RECORDED DATA

============================================================

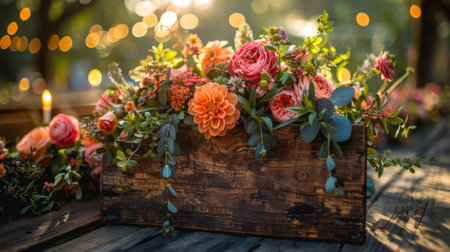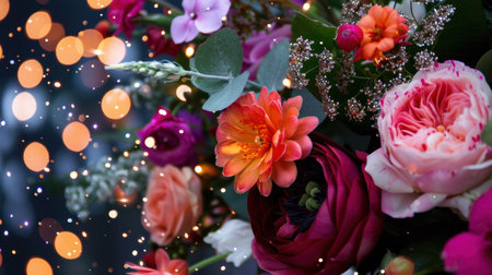 This captivating floral arrangement features a stunning mix of colorful flowers, enhanced by soft bokeh lights. Perfect for artistic or seasonal themes.
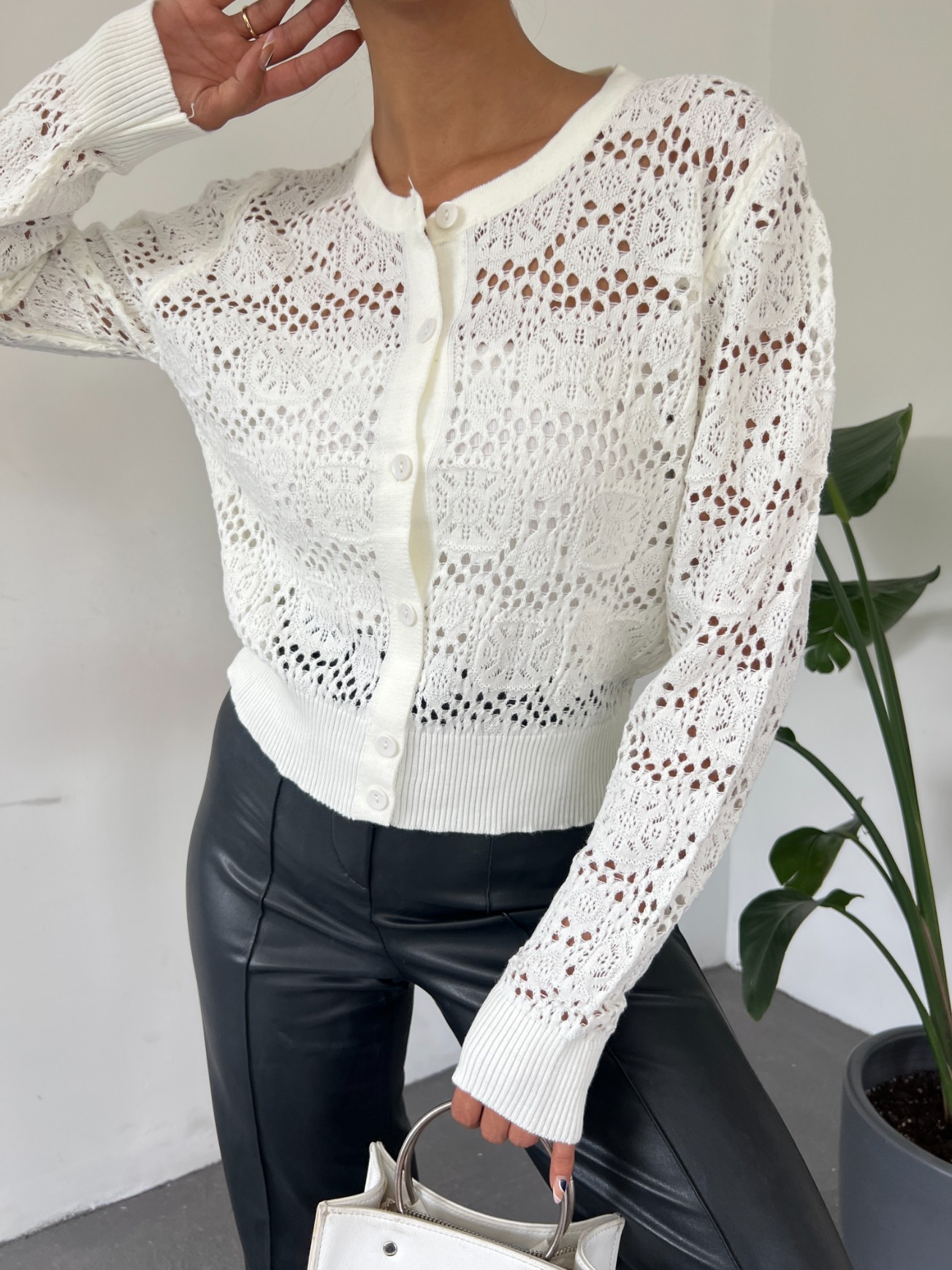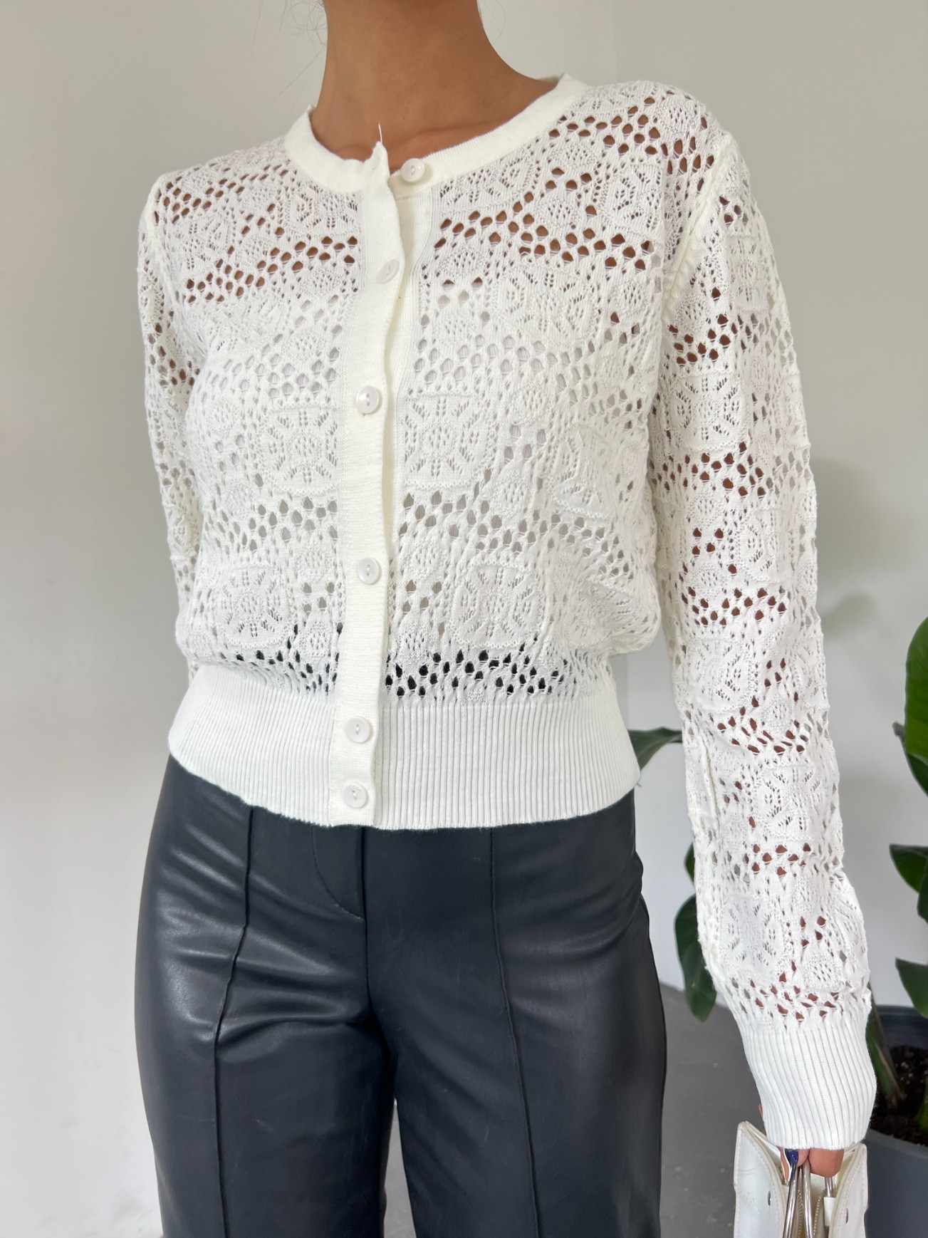 Our knit cardigan model with front button, openwork, sleeve cuffs and elasticated hem is among the most popular models of the new season.
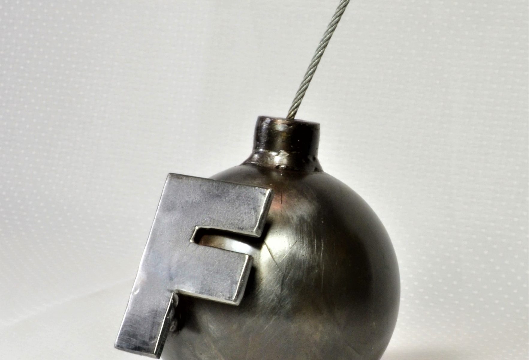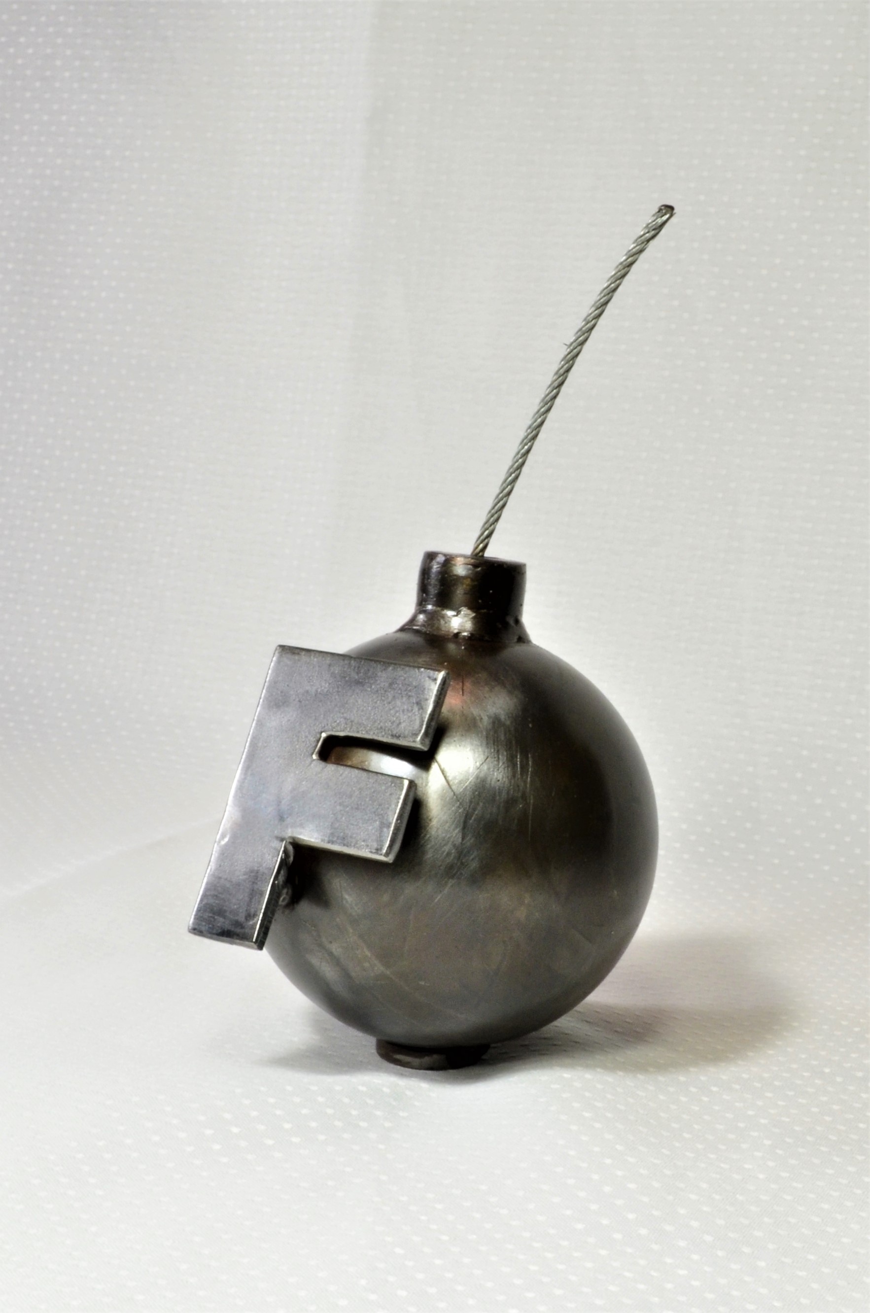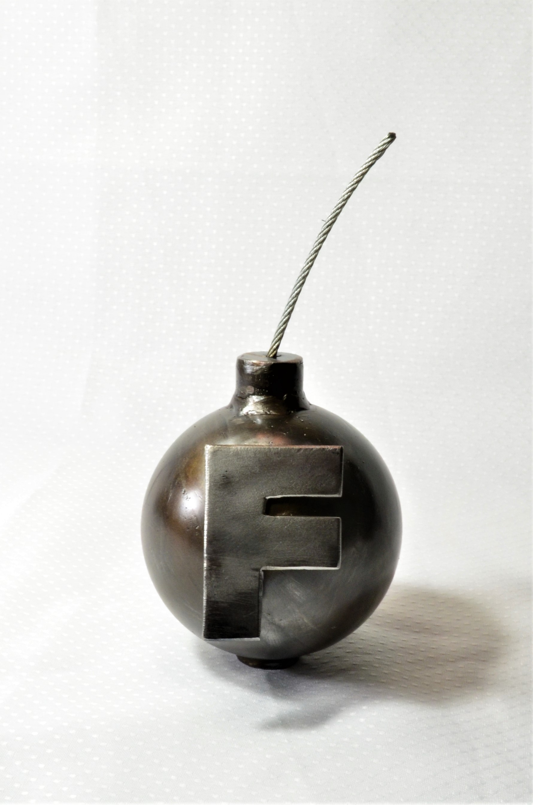 All steel, welded, F-Bomb paperweight novelty.

============================================================

WHAT TO DO
Quote everything in the listing above exactly; pictures are the only thing to omit.

WRITTEN SOLUTION
 This captivating floral arrangement features a stunning mix of colorful flowers, enhanced by soft bokeh lights. Perfect for artistic or seasonal themes.
 Our knit cardigan model with front button, openwork, sleeve cuffs and elasticated hem is among the most popular models of the new season.
 All steel, welded, F-Bomb paperweight novelty.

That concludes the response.